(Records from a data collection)
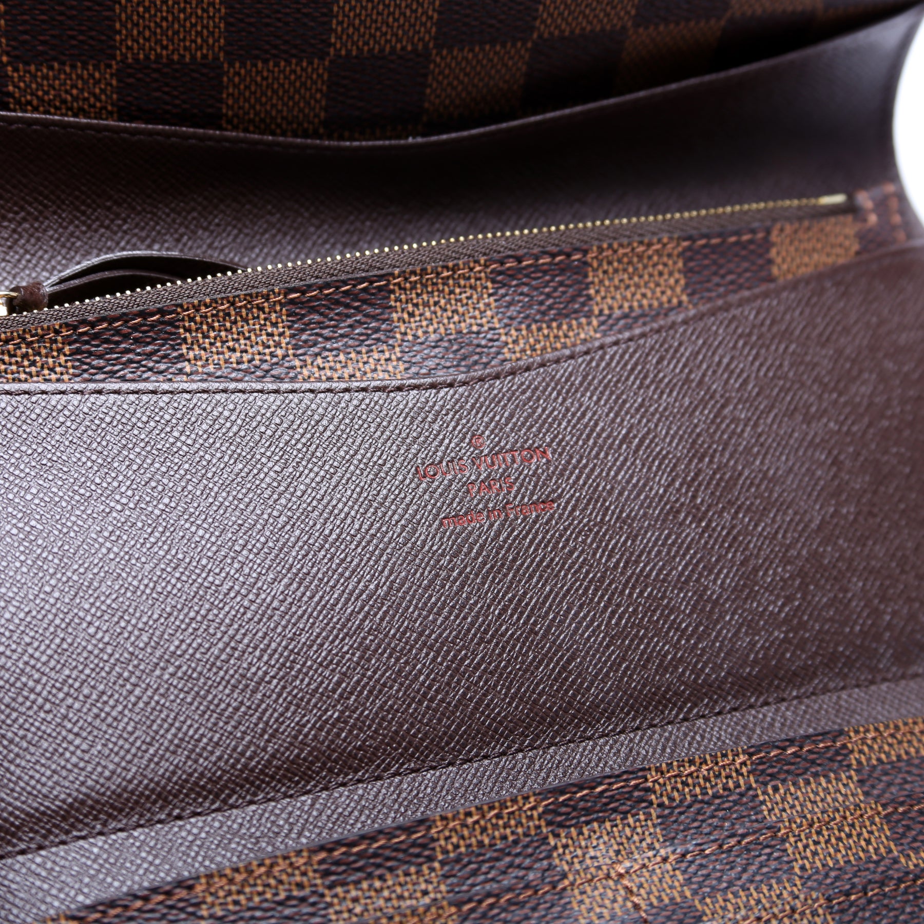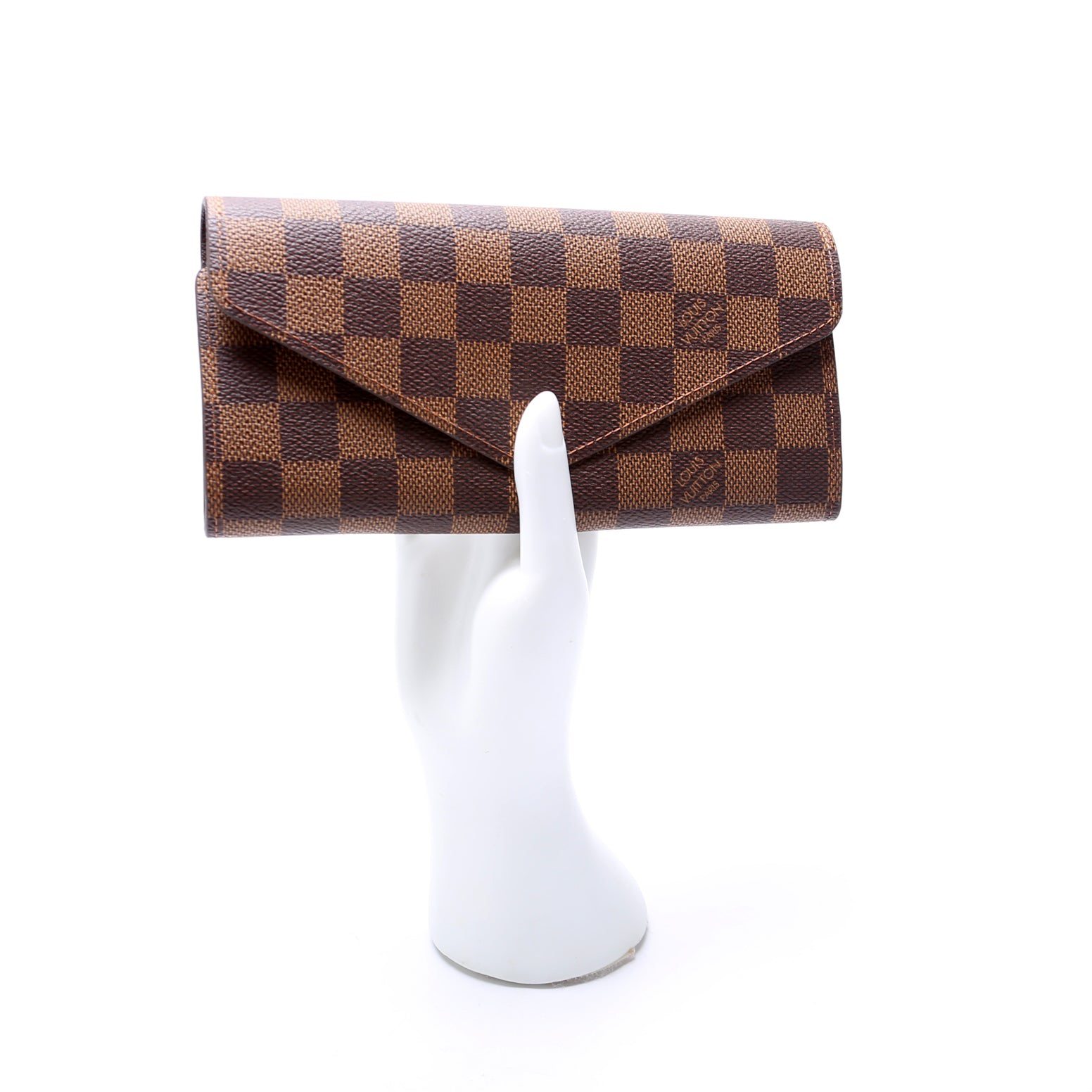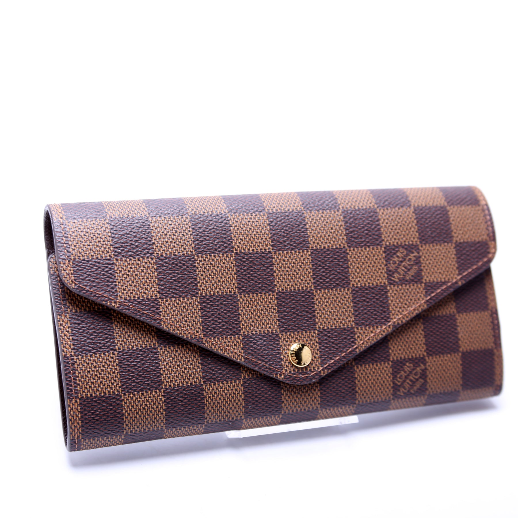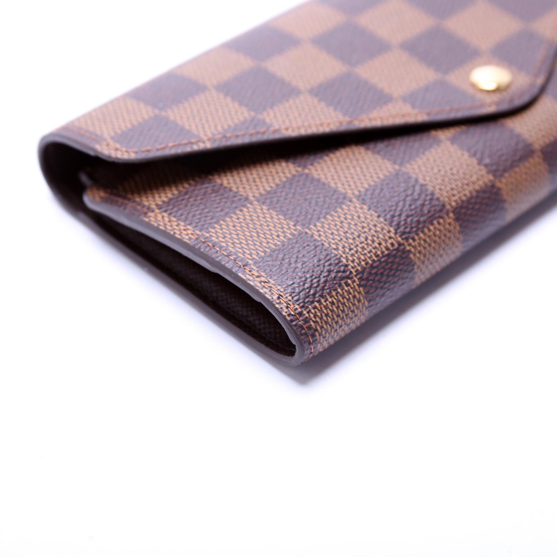 This pre-owned Louis Vuitton Josephine Wallet is guaranteed 100% authentic. The exterior is in the classic Louis Vuitton Damier Ebene coated canvas.
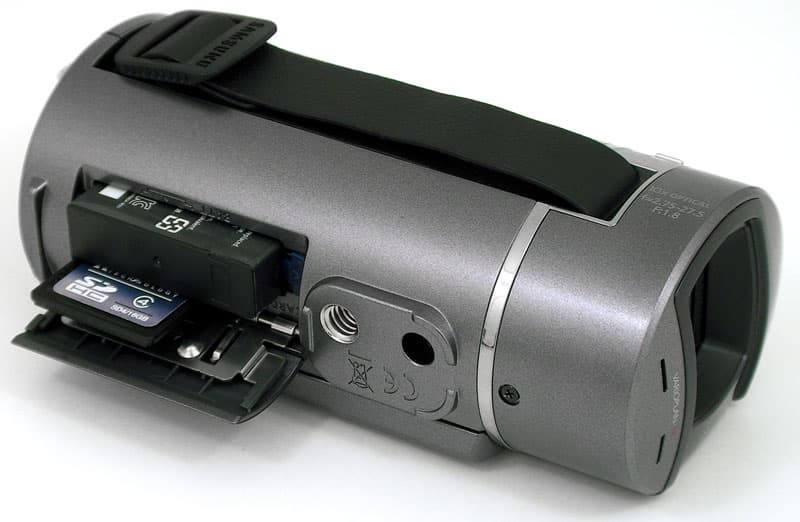 В днище камеры имеется откидывающаяся крышка, под которой расположены слот для карты памяти и гнездо аккумулятора. Данный аккумулятор позволяет вести видеозапись в течение 85 минут с открытым экраном в режиме 1280×720 50p.
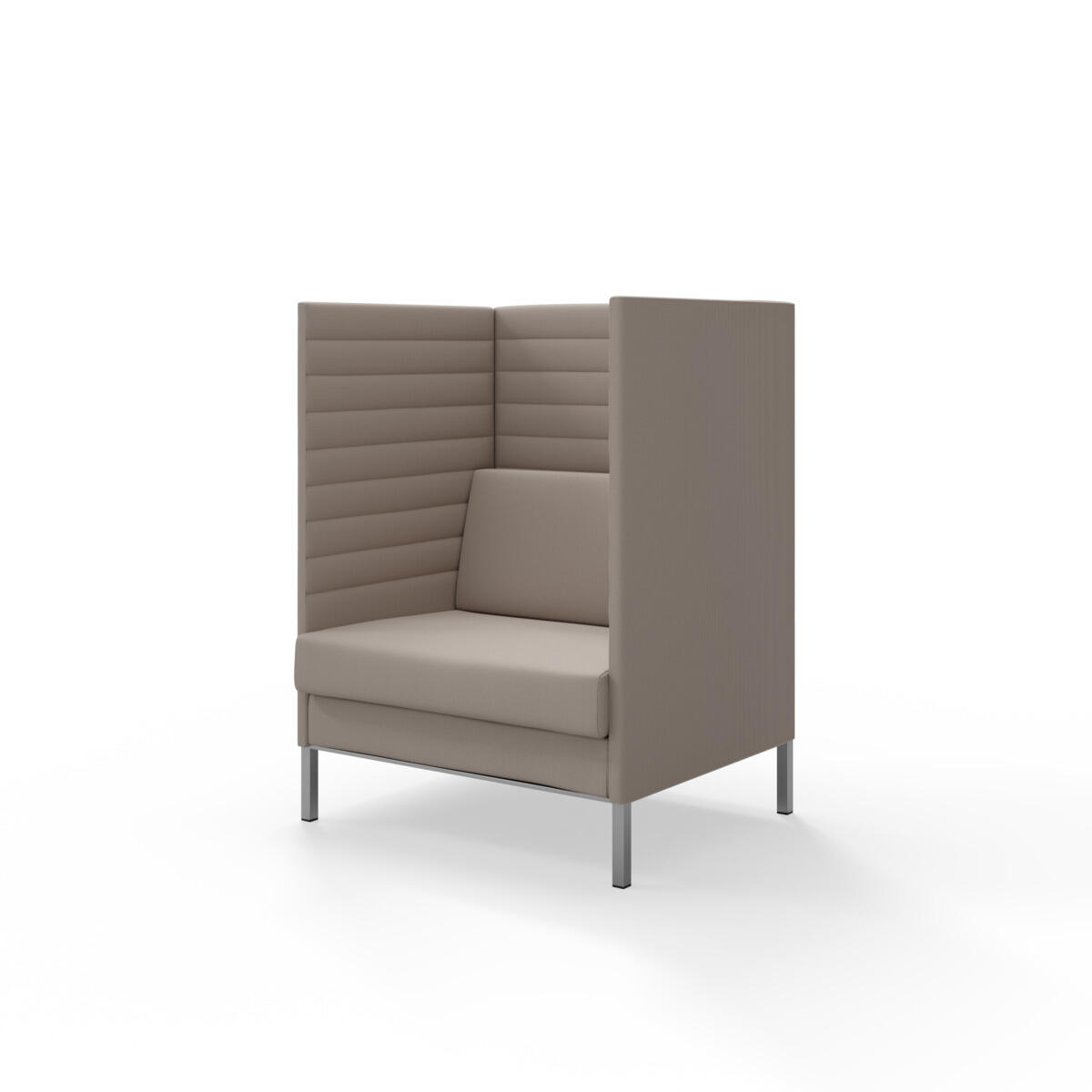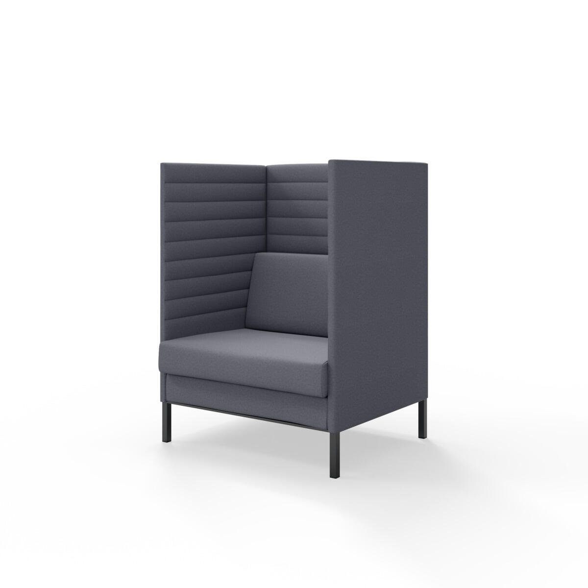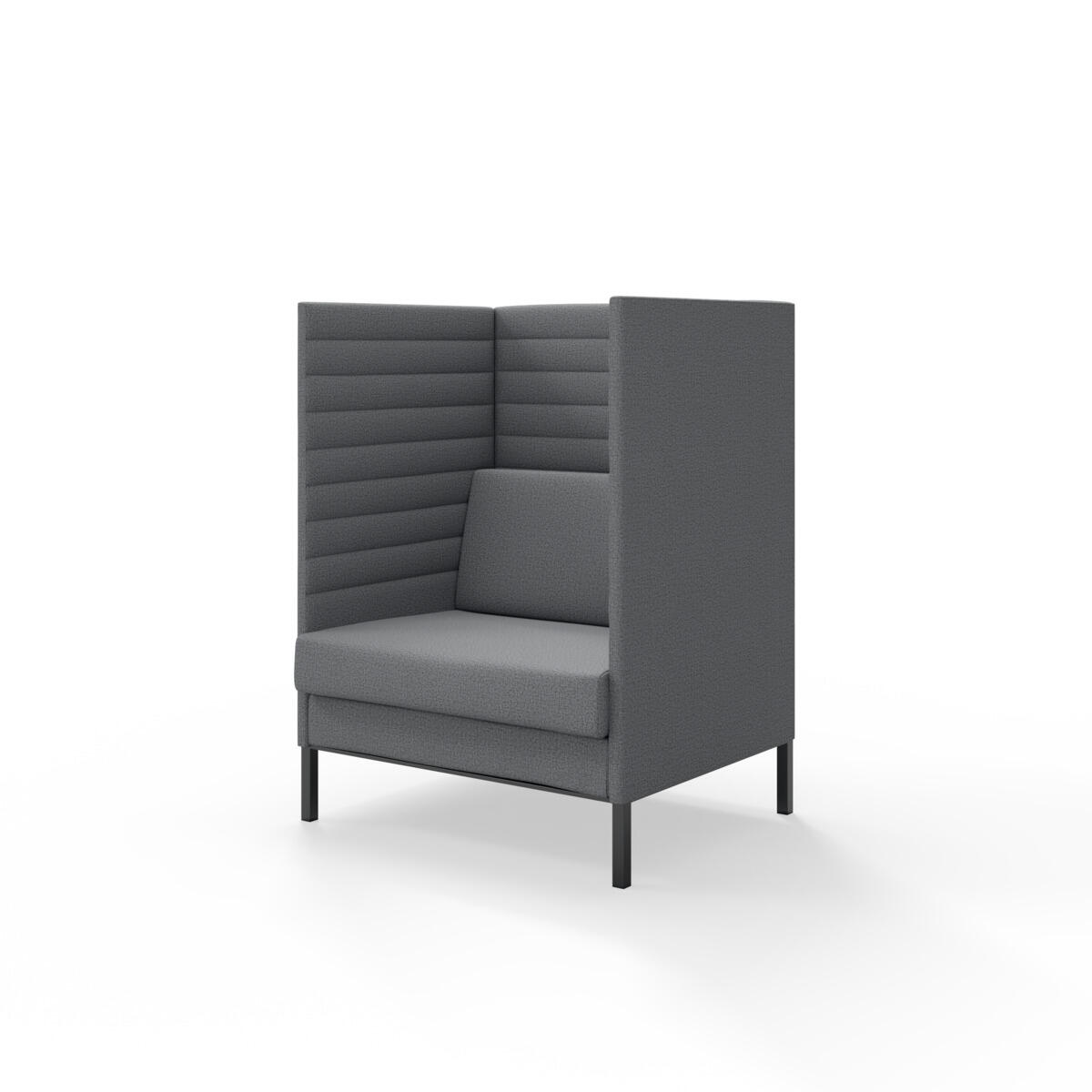 Den höga ryggen och de höga gavlarna skärmar av och dämpar ljud effektivt. Trästomme med nozagbotten och stoppning i kallskum. Stativ i pulverlackad metall. Avtagbart fodral på rygg- och sittdyna. Rygg och sits ljusgrå, färgval för paneler.
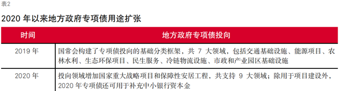 从用途上看,专项债支持领域和用途扩展,项目建设投向领域从传统基建转向多元化领域,提升资金使用效率的同时,强化债务风险化解和支持房地产平稳发展功能,释放了债务工具灵活性。2019年国常会构建了专项债投向的7大基础分类领域后,2020—2024年,专项债资金投向又陆续增至9大领域,并拓宽至2024年的11大领域,具体分项包括新能源,云计算、人工智能等新型基础设施,信息化基础设施,集成电路配套基础设施等。2024年12月25日,国办发文规定,未纳入专项债投向领域“负面清单”的项目均可申请专项债资金,专项债券投向领域由原先的“正面清单”+“负面清单”管理,改为“负面清单”管理。专项债用于项目建设的投向领域逐渐扩大,减少闲置资金,增加资金利用率,让财政政策效果更加显著。
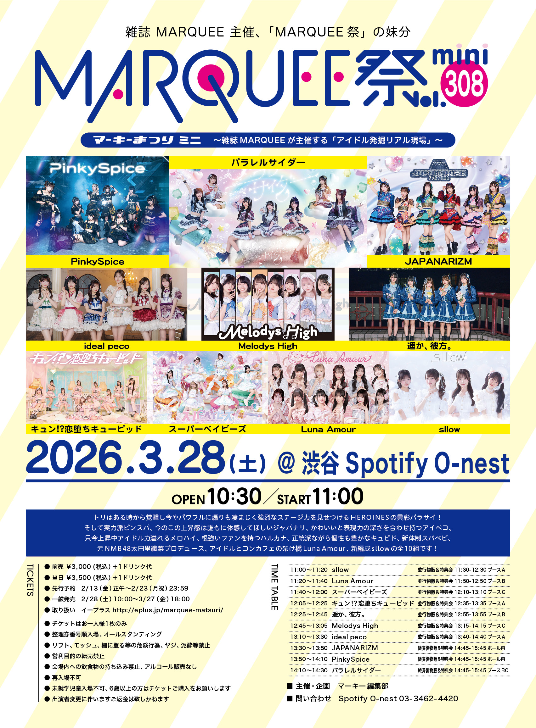 雑誌 MARQUEE 主催、「MARQUEE祭」の妹分 MARQUEE祭mini Vol.305
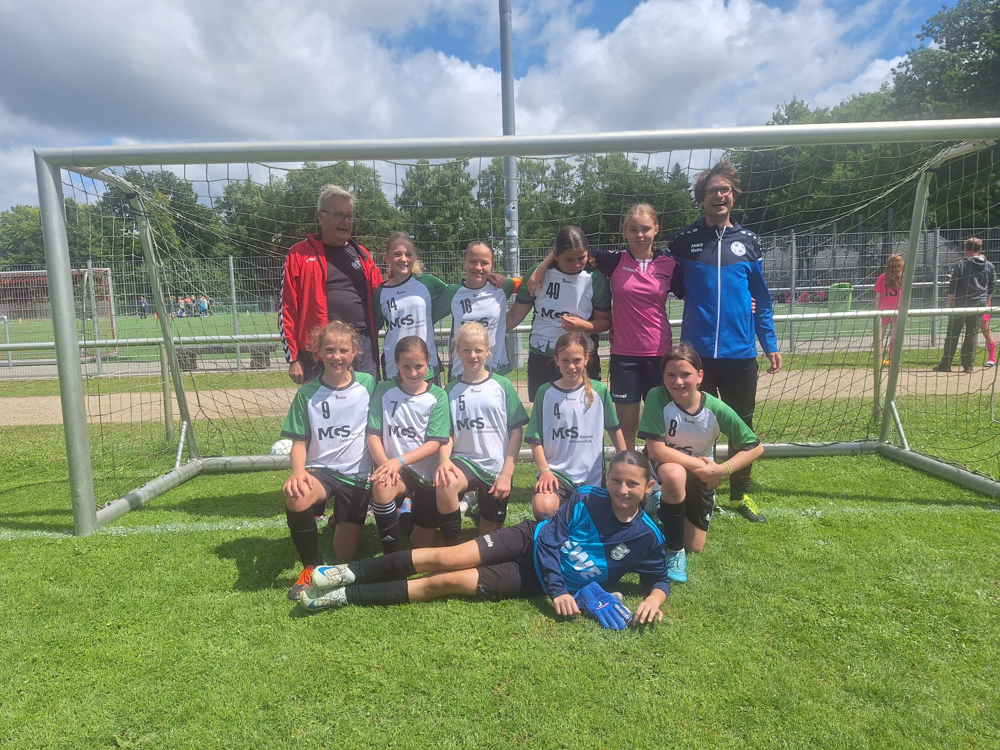 Nach der souverän gewonnenen Bezirksmeisterschaft fuhren wir voller Erwartung zur Landesmeisterschaft nach Neumünster, um uns mit den 3 anderen Bezirkssiegerinnenteams zu messen. Gegen das Emil-von-Behring-Gymnasium aus Großhansdorf starteten wir mit 2 schnellen Toren optimal. Nach der Halbzeit schoss Isabell ihr drittes Tor zum 3:0 Endstand. Anschließend stand das entscheidende Duell gegen die Hermann-Tast-Schule aus Husum an, die ihr erstes Spiel ebenfalls 3:0 gewann. Da Husum mit zwei individuell sehr starken Offensivspielerinnen antrat, war jetzt vor allem unsere Defensive gefragt. Marie, Samantha, Emilia, Nora und Leonie unterstützten sich immer wieder und verteidigten so stark, dass die Husumerinnen nur zu wenig erfolgversprechenden Torabschlüssen kamen. Wenn der Ball dennoch durchkam, machte Torhüterin Victoria ihn gewohnt sicher fest. Mit guten Pässen aus der Abwehr wurden wiederholt schnelle Konter eingeleitet, von denen Emma (1) und Isabell (2) drei zum klaren 3:0 Sieg abschlossen. Da wir den direkten Vergleich gegen die vermutlich stärksten Gegnerinnen gewonnen hatten, war die Landesmeisterschaft greifbar. Die Mädels konnten das letzte Spiel kaum abwarten, die Vorfreude war auf den strahlenden Gesichtern ablesbar. Gegen die Gemeinschaftsschule Probstei übernahm Isabell sofort Verantwortung und erzielte die 2:0 Halbzeitführung. Nora setzte dann den Schlusspunkt zum dritten 3:0 Sieg. Wie schon im Bezirksfinale gelang auch hier: Die Null hinten muss stehen! Mit spielerisch überzeugendem Auftreten und guter Teamleistung wurde unsere U13 verdienter Landesmeister. Der Gewinn der Goldmedaille war zugleich die Qualifikation für die deutsche Meisterschaft, die im September in der Sportschule Bad Blankenburg (Thüringen) ausgetragen wird. Mal schauen, was dort im Vergleich mit den 15 anderen Landessiegern möglich ist.
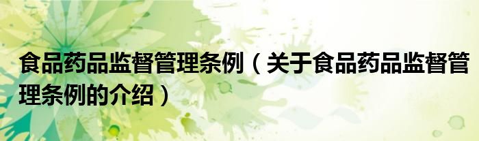 大家好,今天小乐来为大家解答以上的问题。食品药品监督管理条例,关于食品药品监督管理条例的介绍很多人还不知道,现在让我们一起来看看吧!
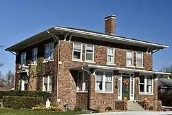 The J. T. and Mollie Crozier House is a historic building located in Chariton, Iowa, United States. James Thomas Crozier was a native of Barnsfield, Ohio who settled here in 1878. He clerked in D.D. Waynick's store before he opened his own general store on the town square. The store remained in business until his children retired in 1974.[2] This house replaced the family's former residence that had been destroyed in a March 1918 fire. Crozier hired local architect William L. Perkins to design this house. It is the earliest known residential example of his work.[2] The two-story brick structure shows influences of the American Craftsman and Prairie School styles. The Prairie School is found in the house's horizontal orientation, the lowpitched hip roof, broad eaves, paired windows, the two brick belt courses, and the solarium on the south elevation. The Craftsman influences are found in the French doors, built-in cabinets, and paneling on the interior. Bricks from the house that was destroyed as well as the broad window in the first floor study, its fireplace mantel, and the kitchen windows were reused in this house.[2] It was listed on the National Register of Historic Places in 2011.[1]

INSTRUCTIONS TO FOLLOW: Only the line with "В днище камеры" and those preceding it, back to the first line of the entries, should be repeated exactly, without pictures.

TASK OUTPUT:
 This pre-owned Louis Vuitton Josephine Wallet is guaranteed 100% authentic. The exterior is in the classic Louis Vuitton Damier Ebene coated canvas.
 В днище камеры имеется откидывающаяся крышка, под которой расположены слот для карты памяти и гнездо аккумулятора. Данный аккумулятор позволяет вести видеозапись в течение 85 минут с открытым экраном в режиме 1280×720 50p.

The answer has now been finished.